▶ _EXERCISE DATA_
====================

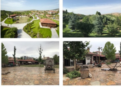
Şekil 1. Müzeden Genel Bir Görünüm ( http://www.altinkoy.tc ; Silav, 2018)
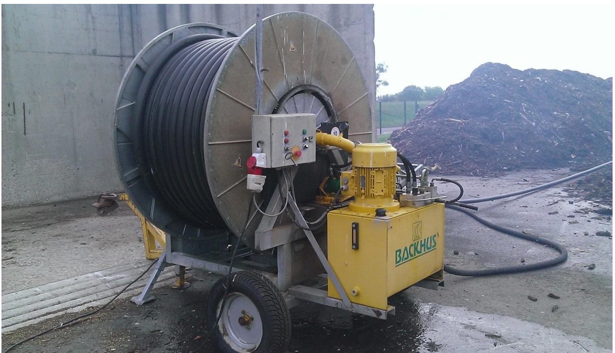
Slika 12. Sustav za ovlaživanje kompostne hrpe
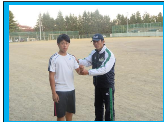
(陸上競技部を指導している様子。本校の陸上競技部は, 毎年, 県大会を突破して東北大会へ出場する選手を輩出しています。)

====================

Extract the run of lines from the line holding "Slika 12. Sustav" through the final line of the material above, exactly and inclusively. Leave the pictures behind.

▶ _REPLY_
Slika 12. Sustav za ovlaživanje kompostne hrpe
(陸上競技部を指導している様子。本校の陸上競技部は, 毎年, 県大会を突破して東北大会へ出場する選手を輩出しています。)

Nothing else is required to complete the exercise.